◆ WORK INSTRUCTIONS
All of the data should be repeated exactly; pictures are not part of the copy.

GIVEN INFORMATION section start

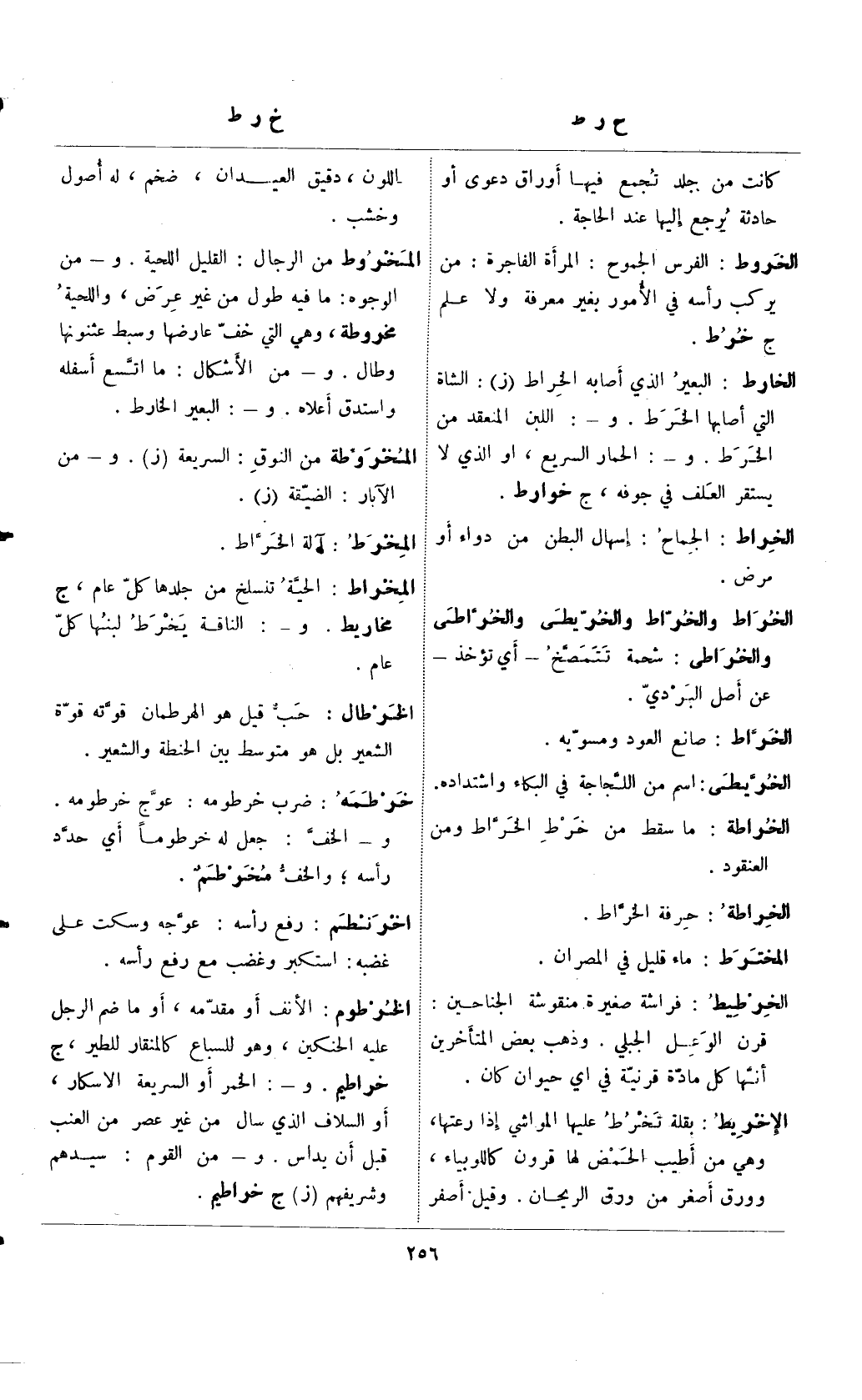الخروط: الفرس الجموح: المرأة الفاجرة: من يركب رأسه في الأمور بغير معرفة ولا علم ج خوط.
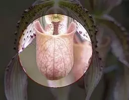 花瓣斜菱状长圆形,先端钝,与中萼片等长但较薄;唇瓣宽长圆形,凹陷,长4毫米,宽2.5毫米,先端极钝,前半部上面具长硬毛且边缘具强烈皱波状啮齿,唇瓣基部凹陷呈浅囊状,囊内具2枚胼胝体。花期7-8月。
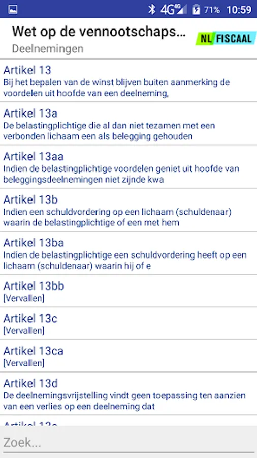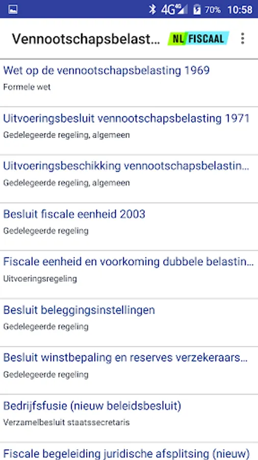 The NLFiscal Laws app contains the texts of all Dutch Fiscal laws, implementing orders, implementing decrees and tax treaties.

GIVEN INFORMATION section end

◆ FINAL ANSWER
الخروط: الفرس الجموح: المرأة الفاجرة: من يركب رأسه في الأمور بغير معرفة ولا علم ج خوط.
 花瓣斜菱状长圆形,先端钝,与中萼片等长但较薄;唇瓣宽长圆形,凹陷,长4毫米,宽2.5毫米,先端极钝,前半部上面具长硬毛且边缘具强烈皱波状啮齿,唇瓣基部凹陷呈浅囊状,囊内具2枚胼胝体。花期7-8月。
 The NLFiscal Laws app contains the texts of all Dutch Fiscal laws, implementing orders, implementing decrees and tax treaties.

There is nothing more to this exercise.